Right now, for testing purposes, I use a single simple texture and tiled it, 32x32, but in the long run I want a texture with various kinds of potential tiles and I want a unique tile to render per square in the overall plane. I build the mesh from a matrix of what amounts to “height values” and a type for the area which will handle whether or not there should be walls around the square or whether to render a grass or sand texture in that square. The output texture is meant to be tiled as a grid, it contains 32x32 “squares,” and I’ve done my best to re-use vertices and map the triangles over those but I’m not sure how to approach the shader for it.
I originally though to flatten the matrix into an array and pass that in, and use the UV coords to determine the location in the array to determine what actual texture coords to pull out. But then I found out that you can’t really pass an array to shaders (forgive me if I’m wrong, my experience with shaders is limited) pre an article I read (which talked about a way to hack an array into a shader). That could work but I’d prefer no hacks if possible.
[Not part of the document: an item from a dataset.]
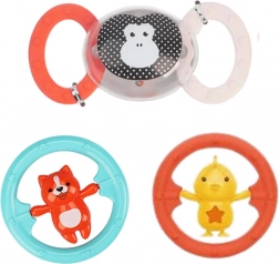 A szett biztonságos és nem mérgező anyagokból készült, amelyek megfelelnek a legmagasabb minőségi szabványoknak. Ez biztosítja a biztonságos és hosszútávú használatot. Ez a játék ötvözi a csörgő, rágóka és játék funkcióit, és tökéletes társ a babájuk számára, amely segít több szinten fejlődni.

Another thought I had was to assign the UVs to be what I need in the texture so that the shader would be dead simple (even default, maybe). But that would mean that I’d have to create 4 vertices per grid space, since I can’t assign more than one set of UV coords to a vertex (some vertices are used to make up to 4 adjacent squares).
Any thoughts or ideas about to make a shader that dynamically renders part of a texture across a plane (think “tilemap,” but not for 2D) – is reusing vertices really a performance enhancement or am I avoiding that route for no reason?